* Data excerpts
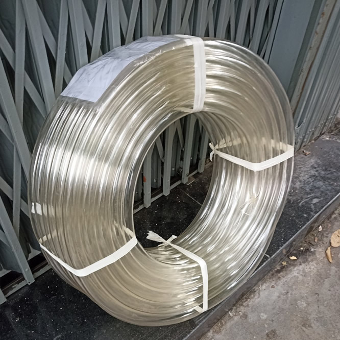 Cuộn ống nhựa dẻo trong 27mm được tạo thành bởi 2 lớp nhựa PVC có chức năng gia cường áp lực tốt.
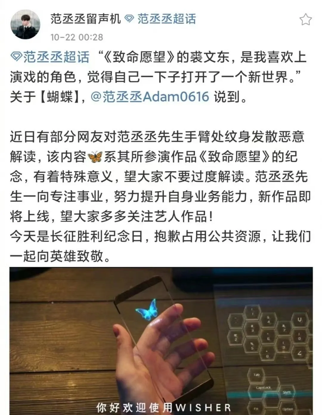 当时,范丞丞工作室辟谣恋情,说蝴蝶是为了纪念角色。
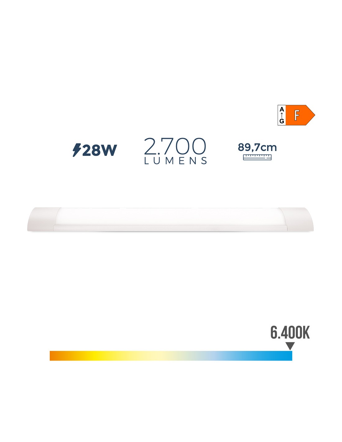 Regleta electronica led 28w 6500k luz fria ip20 196 leds 2700lm (con soportes) angulo de apertura 110°. 220-240v medidas: 89,7x3,1x8cm edm 25.000h
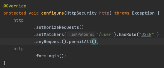 우선 SecurityConfig에 다음과 같이 설정하였다.
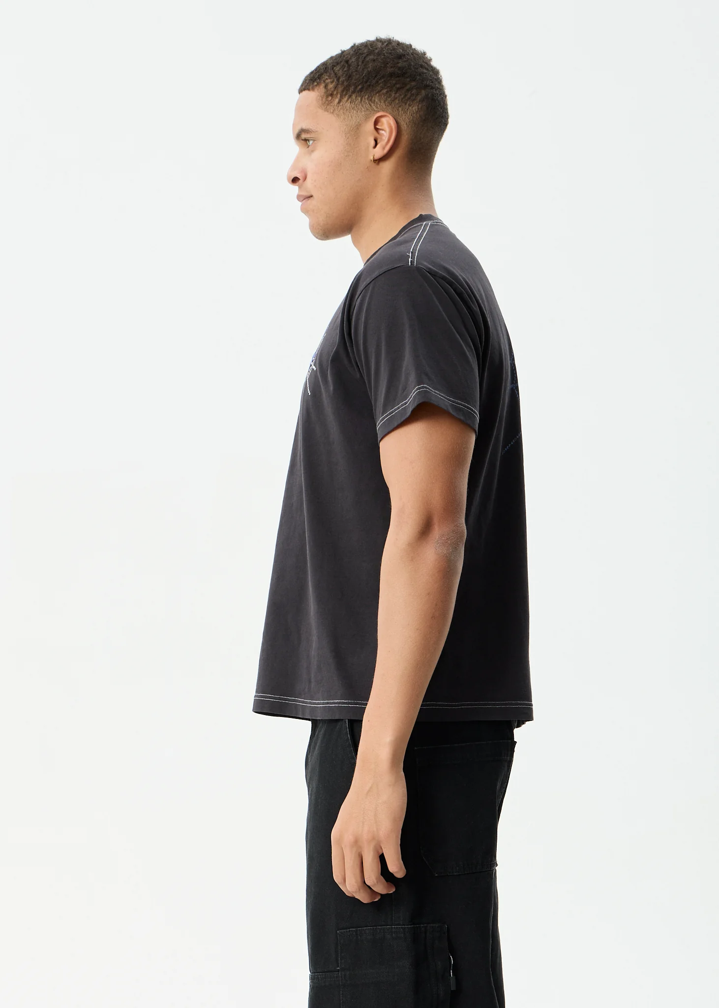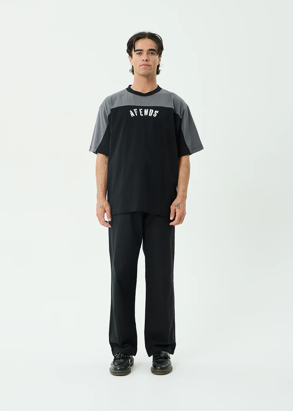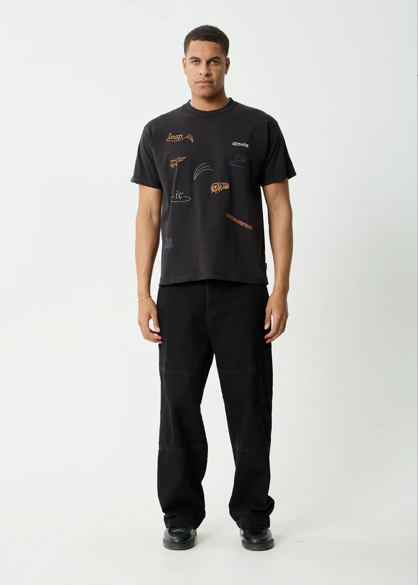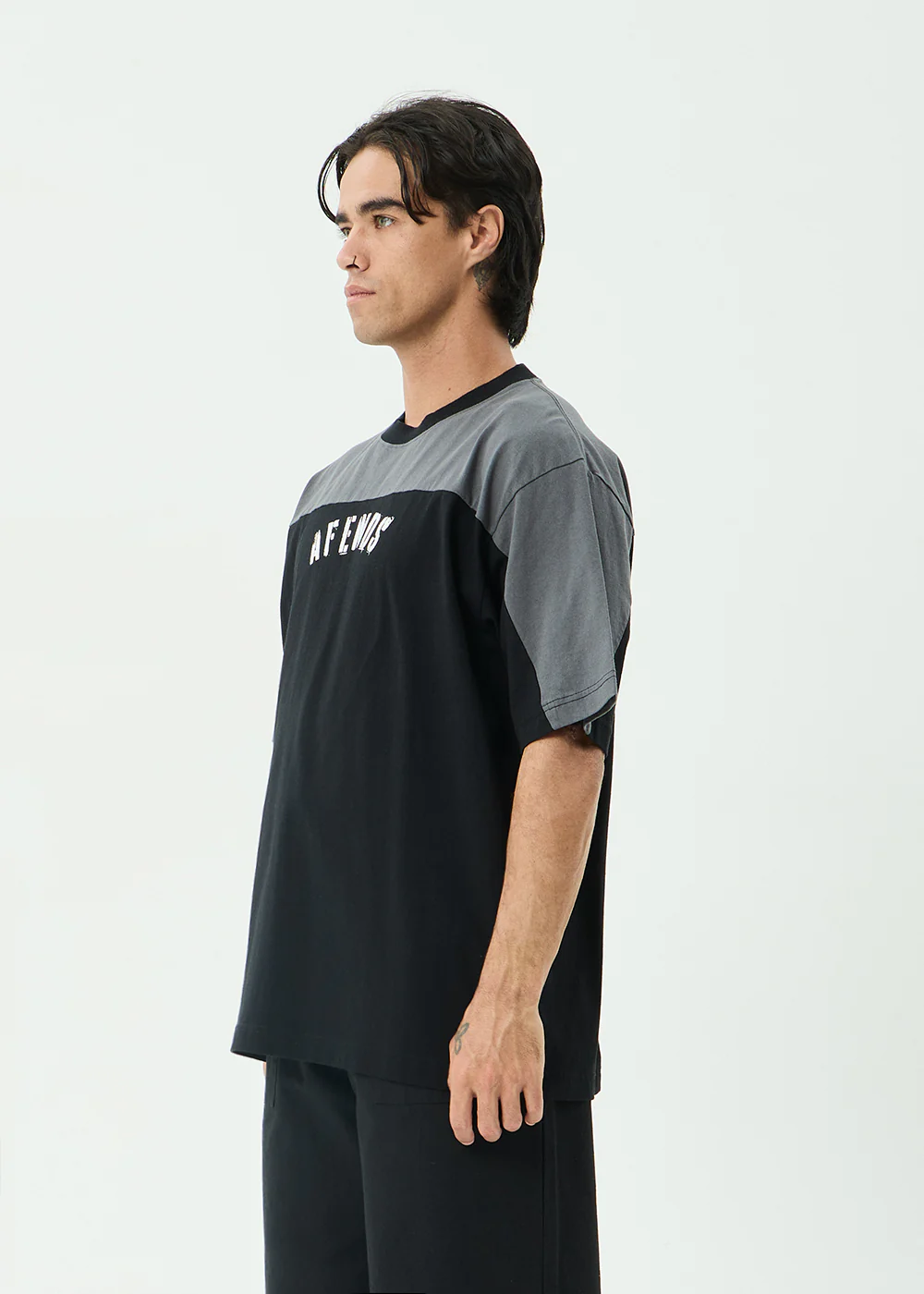 AFENDS Mens Leap - Heavyweight Boxy Tee - Stone Black
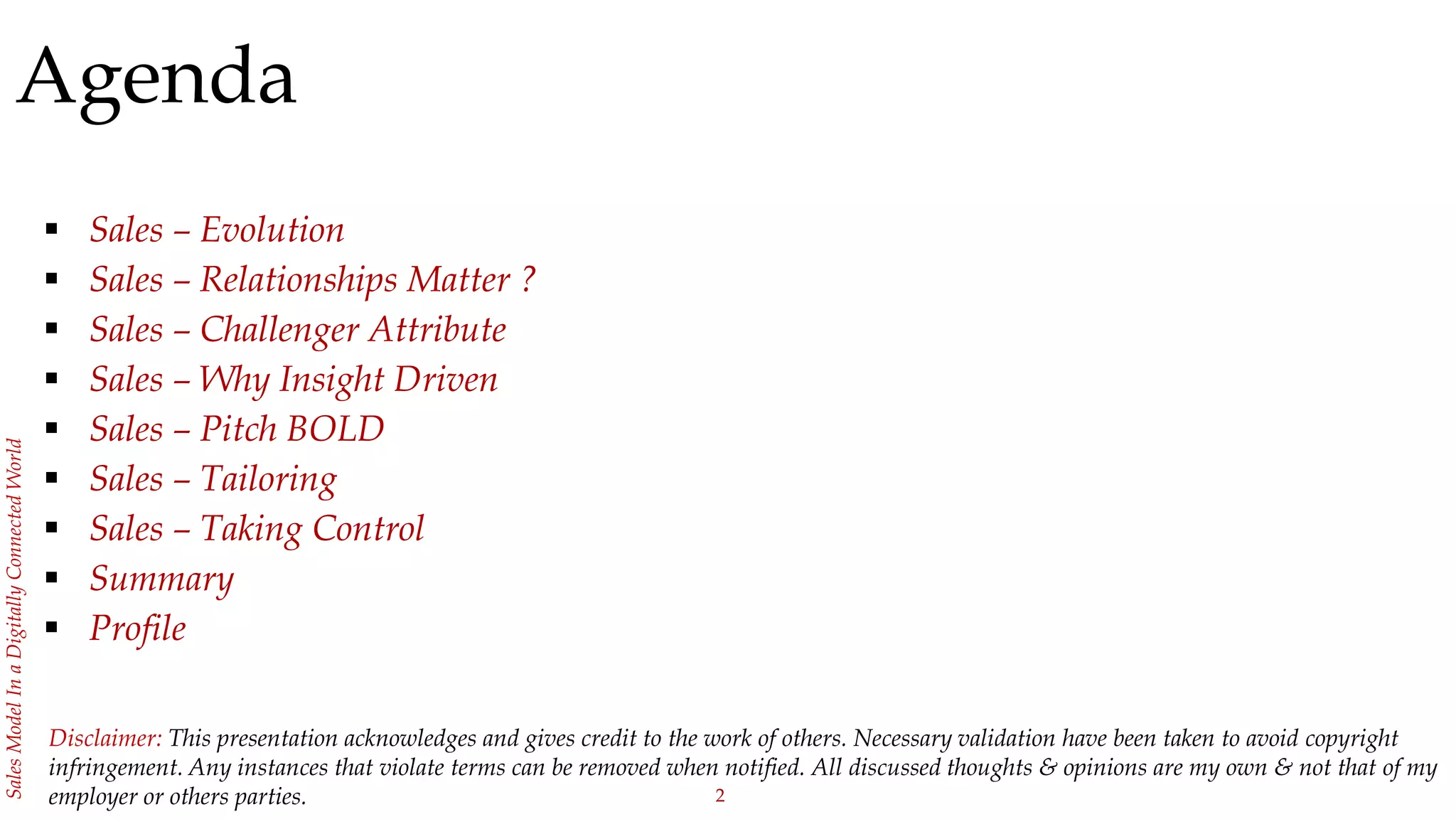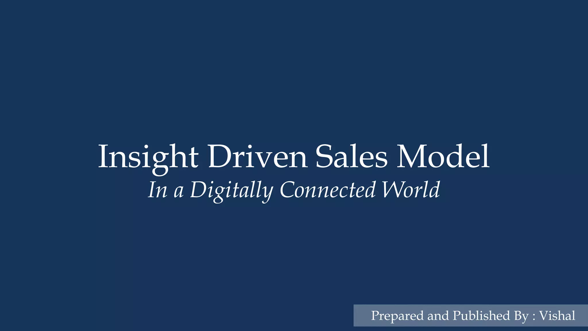 This document discusses the evolution of sales strategies from product selling to insight driven sales. It advocates for adopting a challenger sales model in today's digitally connected world. The challenger sales model focuses on teaching customers through insights, tailoring the message for each stakeholder, and taking control of the sales process. It emphasizes pushing customers out of their comfort zone to help them make progress on their goals.
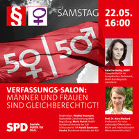 - Einladung zum Verfassungs-Salon der ASF und ASJ. VERFASSUNGS-SALON: MÄNNER UND FRAUEN SIND GLEICHBERECHTIGT! “Männer und Frauen sind gleichberechtigt”, so steht es schon seit 1949 im Grundgesetz; eine hart erkämpfte ...
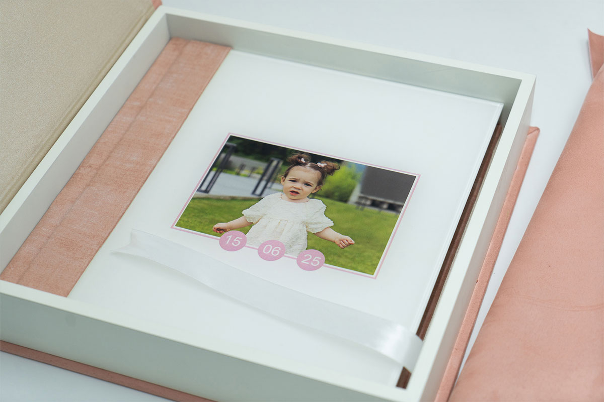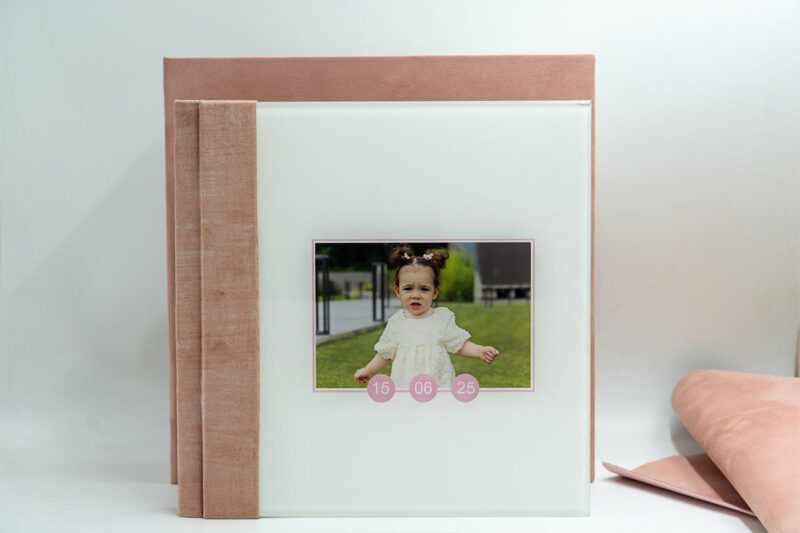 Άλμπουμ βάπτισης σε διάσταση 30*30 με εκτύπωση uv σε plexiglass το γραφικό της επιλογής σας και βελούδο στο πίσω μέρος του εξωφύλλου.

* Problem details
Restate the data above exactly, stripping out each image.

* Your response
 Cuộn ống nhựa dẻo trong 27mm được tạo thành bởi 2 lớp nhựa PVC có chức năng gia cường áp lực tốt.
 当时,范丞丞工作室辟谣恋情,说蝴蝶是为了纪念角色。
 Regleta electronica led 28w 6500k luz fria ip20 196 leds 2700lm (con soportes) angulo de apertura 110°. 220-240v medidas: 89,7x3,1x8cm edm 25.000h
 우선 SecurityConfig에 다음과 같이 설정하였다.
 AFENDS Mens Leap - Heavyweight Boxy Tee - Stone Black
 This document discusses the evolution of sales strategies from product selling to insight driven sales. It advocates for adopting a challenger sales model in today's digitally connected world. The challenger sales model focuses on teaching customers through insights, tailoring the message for each stakeholder, and taking control of the sales process. It emphasizes pushing customers out of their comfort zone to help them make progress on their goals.
 - Einladung zum Verfassungs-Salon der ASF und ASJ. VERFASSUNGS-SALON: MÄNNER UND FRAUEN SIND GLEICHBERECHTIGT! “Männer und Frauen sind gleichberechtigt”, so steht es schon seit 1949 im Grundgesetz; eine hart erkämpfte ...
 Άλμπουμ βάπτισης σε διάσταση 30*30 με εκτύπωση uv σε plexiglass το γραφικό της επιλογής σας και βελούδο στο πίσω μέρος του εξωφύλλου.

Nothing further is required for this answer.